(GIVEN MATERIAL Opens)

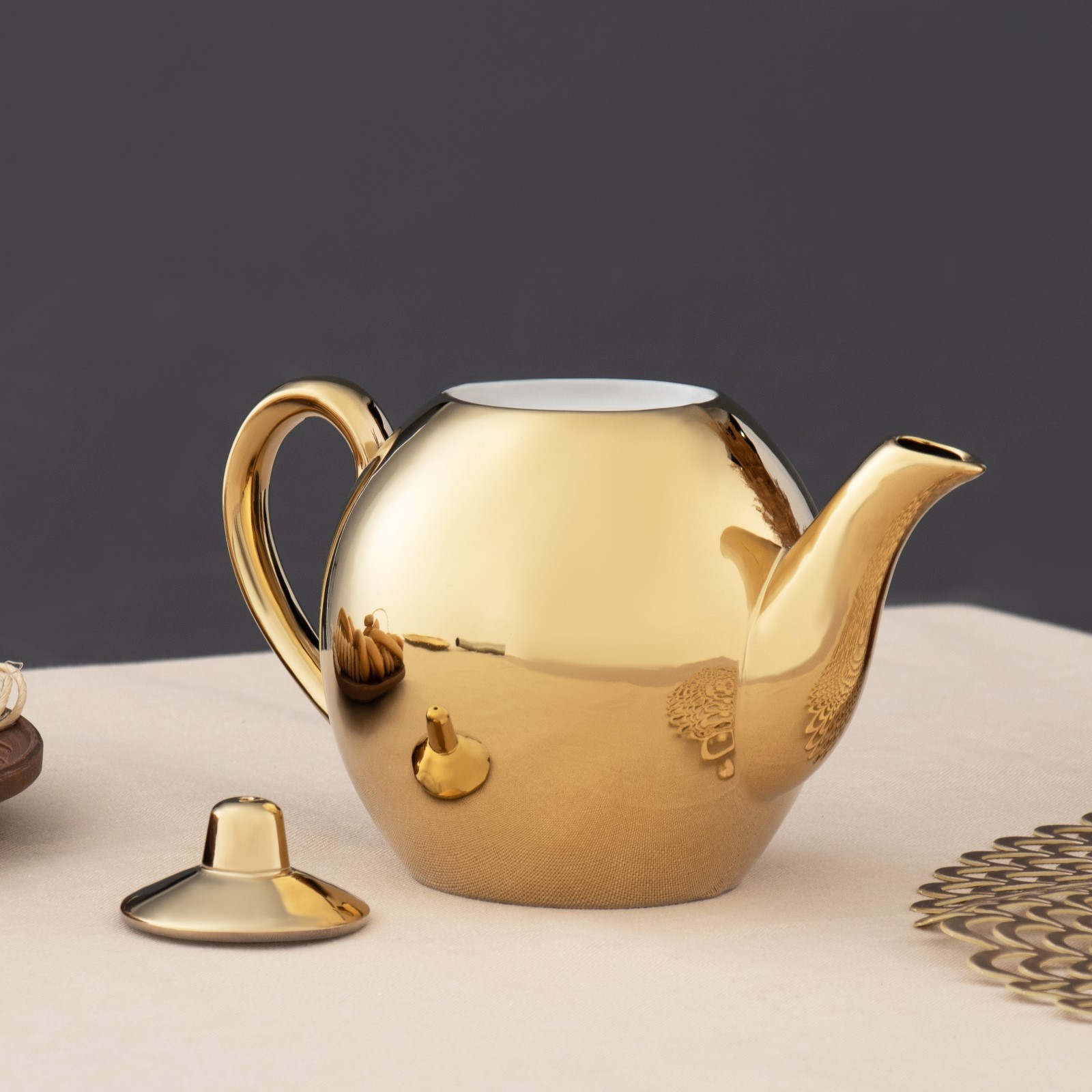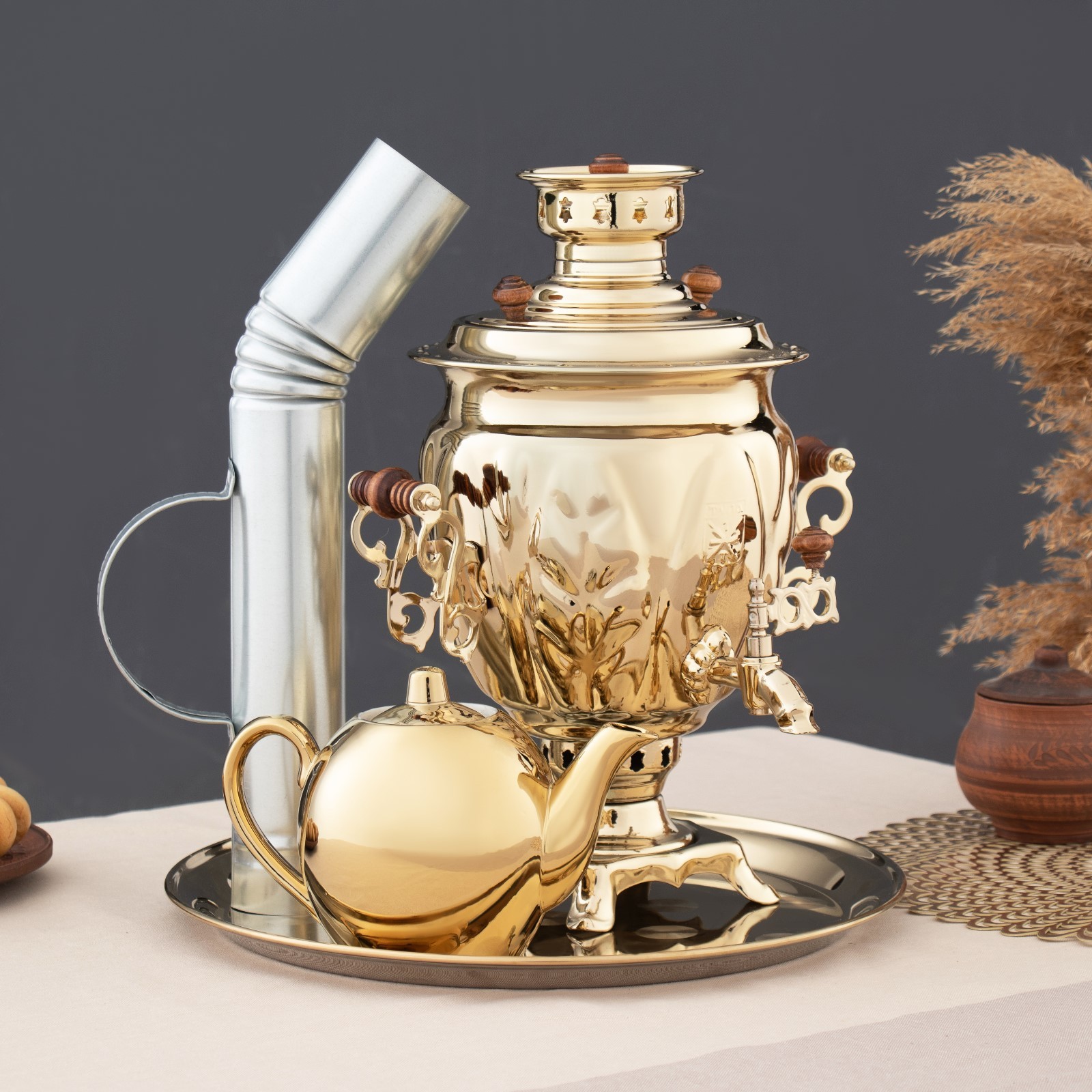 Набор "золото", желудь, жаровой 2,5 л, заварочный чайник 0,7 л, поднос
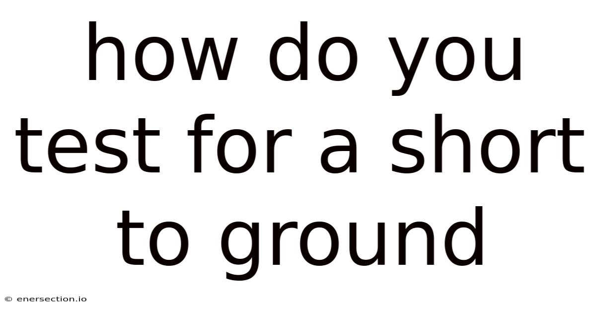How Do You Test For A Short To Ground
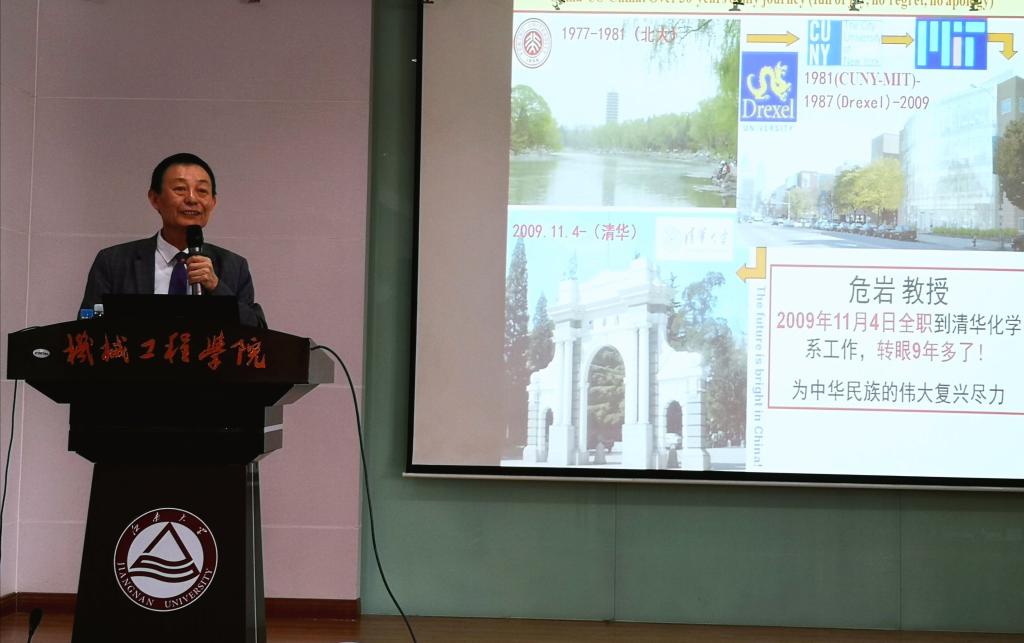 5月31日,清华大学化学讲席教授、清华前沿高分子研究中心主任危岩教授做客江南大学,在机械学院C302会议室和至善学院(图书馆819)为我校研究生和本科生分别作了两场学术报告。机械学院专场由张婕教授主持,至善学院专场由机械工程学院副院长俞建峰教授主持。
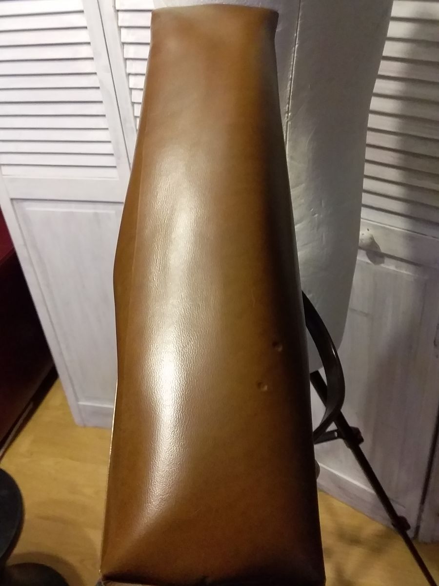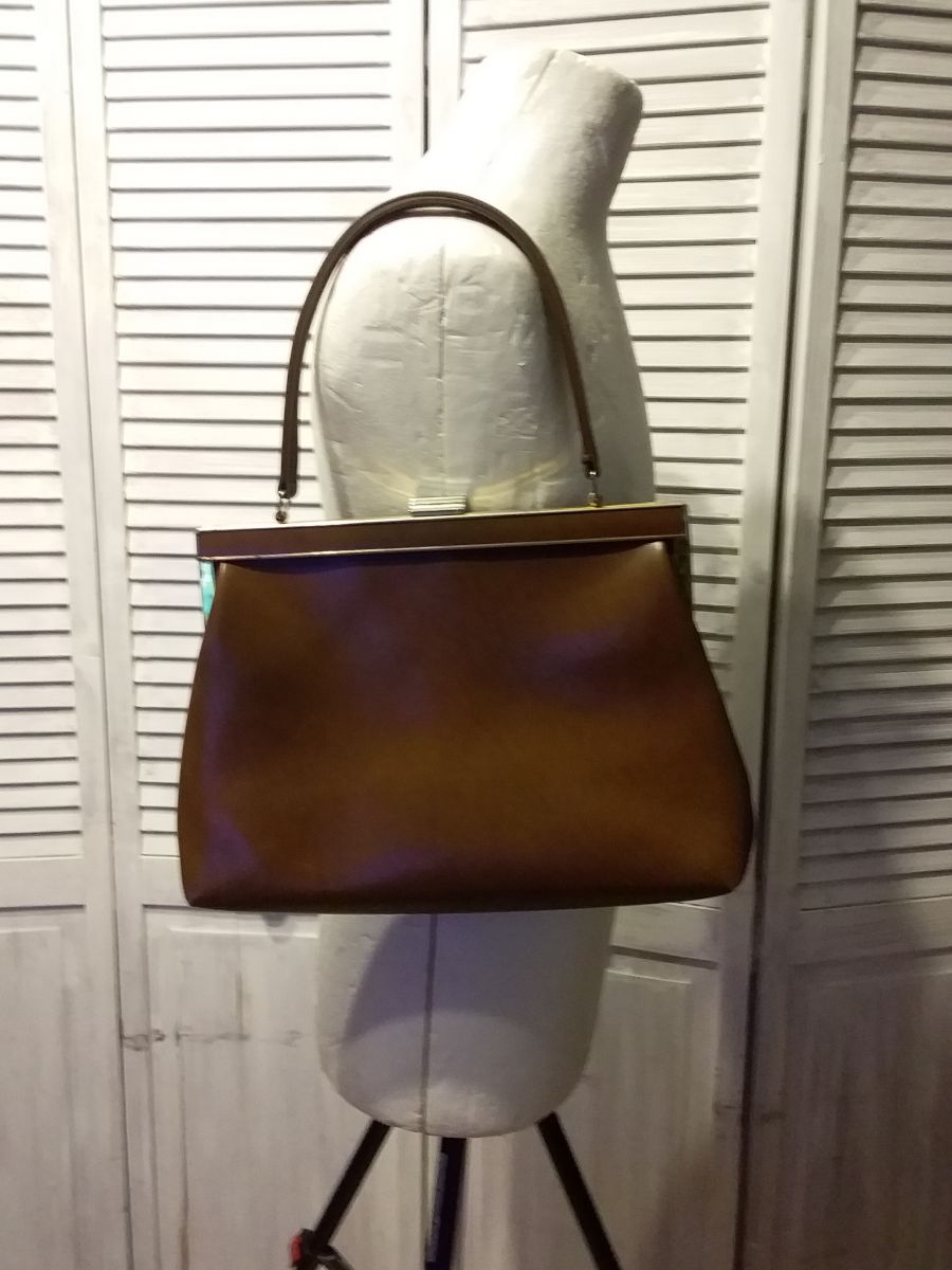 sac vintage assez grand et en trés bon état. simili cuir. avec une grande anse. fermoir à l'ancienne.L 32 H 22 P 8

(GIVEN MATERIAL Closes)

### EXERCISE DETAILS
Once the pictures are set aside, output the whole listing exactly.

### WRITTEN SOLUTION
 Набор "золото", желудь, жаровой 2,5 л, заварочный чайник 0,7 л, поднос
How Do You Test For A Short To Ground
 5月31日,清华大学化学讲席教授、清华前沿高分子研究中心主任危岩教授做客江南大学,在机械学院C302会议室和至善学院(图书馆819)为我校研究生和本科生分别作了两场学术报告。机械学院专场由张婕教授主持,至善学院专场由机械工程学院副院长俞建峰教授主持。
 sac vintage assez grand et en trés bon état. simili cuir. avec une grande anse. fermoir à l'ancienne.L 32 H 22 P 8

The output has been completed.